Historic house in North Dakota, United States

The Harriet and Thomas Beare House is a Victorian house located on Reeves Drive in the Near Southside Historic District of Grand Forks, North Dakota. The Harriet and Thomas Beare House was added to the National Register of Historic Places in 1995. It is also known as the Margaret E. Bowler Murphy and Michael F. Murphy House.

==History==
The house was built in 1901 for real estate investor Thomas Beare. In 1903, he sold the home to state senator and Grand Forks Mayor Michael F. Murphy (1858-1930) and his wife Margaret Bowler Murphy (1857–1917). They enlarged and remodeled the residence, building an addition for their family.
The house was located on the most prestigious residential street in Grand Forks, and exemplifies the conspicuous consumption of the cities' elite during the Progressive Era and the growth of the Second Dakota Boom (1889-1915).
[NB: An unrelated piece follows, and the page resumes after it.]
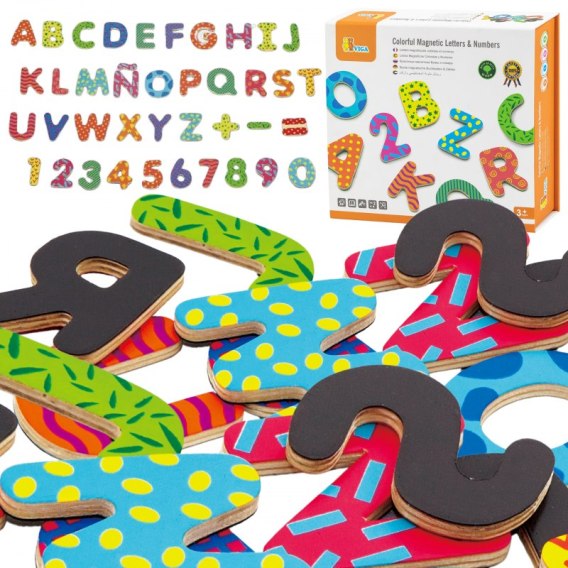 VIGA Drewniany Zestaw Magnetyczny Literki i cyferki

The house is a significant example of the Queen Anne style with elements taken from the Classical Revival style. Queen Anne details include decorative chimneys, complexity of roof shapes such as conical turrets and hipped roof dormers, finials, and fish-scale shingled gable ends. The house is a relatively simple expression of the style and shows signs of transition into the Classical Revival style in its symmetrical facade, Ionic columns, Doric details, and regular footprint. A notable feature is the Porte-cochere which is fairly rare in Grand Forks.